Once a year we'd go up there, and he'd do this training of maybe 40 physicians from all over the country, and that was a lot of fun but it was also very useful. He designed that course, the syllabus, and the material in it, and so forth, and we helped, of course, but he was the leader on that. 

And I guess his other major love, you could put it, was his work with NASA. Dr. Johnson was involved very early on the Gemini and another early vehicle. I got involved at the end of the Gemini program, but he'd been involved for many, many years and was the person that discovered the loss of red blood cells and plasma volume in space. This actually occurred, and still is not understood but verified many times that this indeed occurs, and, of course, if you come back from space and you have your plasma and your red cell mass low and so forth, that means your stamina is going to be lessened, and so that's not a great concern but certainly is one that people keep their eye on, and he's the one that discovered that. 

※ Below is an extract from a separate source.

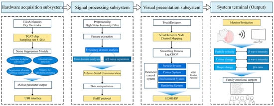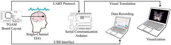The technical implementation of this study consists of three main subsystems: the EEG acquisition subsystem, the signal processing subsystem, and the visualization subsystem. Together, these components enable the real-time acquisition, processing, and visual representation of EEG signals, as shown in Figure 9.

I'll tell you one story. We went down to Cape Kennedy to do some testing. You know, we'd do the preflight testing before the mission down at Cape Kennedy, and this is the old days of Apollo. He had a badge. You know, he wasn't afraid to do anything. So even though he was a visitor, he had a NASA personnel badge on, and Theda and I just had visitor's badges. So we walked into the OMB building, which is where they assemble the rocket and they were actually putting one together for an Apollo flight. The rocket was up on that crawler, which is like a couple stories tall itself.

The crawler moved the rocket around so they would put the rocket together on top of this thing, and we just walked in there. There's people walking around with crowbars and boots, all kinds of things, and no one paid any attention, so we didn't even have hard hats on, and then he says, “Let's go up.” So we get to this elevator, and it's all open, like one you would use in a mine or construction site. We took this thing all the way up to the top. It was incredible! They had the capsule ready to put it on the rocket. We're up now 12, 13 stories in the air, looking at this enormous rocket.

MR. METZGER: And no door on the elevator? 

DR. LEBLANC: No door. There was just a piece of wood that kept us on. We got off of the elevator and walked around up there. It was scaffolding, and looking at that rocket made you wonder, “Well, how could that ever get off the ground?” I mean, it's just as big as a building. So that was a very amazing thing. No one ever stopped us, and now you can't get within five miles of that building because of the rocket fuel and all that kind of stuff.

Another story that was kind of interesting is that we would go out on the ship for the recovery. Pre-flight and then the post-flight evaluation was done on the aircraft carrier that picked them up at sea, which was where the capsule would land.

So we'd be on the ship, but we'd have to get out there early, and so there wasn't a whole lot of stuff to do, and most of them played bridge, and he was the best bridge player in the entire Navy. They called him "Two-trump Phil" or something like that because he could win at that, but they just did that all the time, and that was kind of funny.

He's one of the smartest people I ever knew, but he not only knew medicine. He knew physics and, as opposed to some, he really was good at numbers and mathematics and so forth. He was a very hardworking guy. I mean, work was his life, and he had a varied interests, including physics and nuclear physics. He was also an astute businessman, so he was a Renaissance man in a way. I mean, he knew medicine. He was the person that NASA trusted. If they had a medical question, not just nuclear medicine, they came to Dr. Johnson. He was well respected by the NASA scientific community.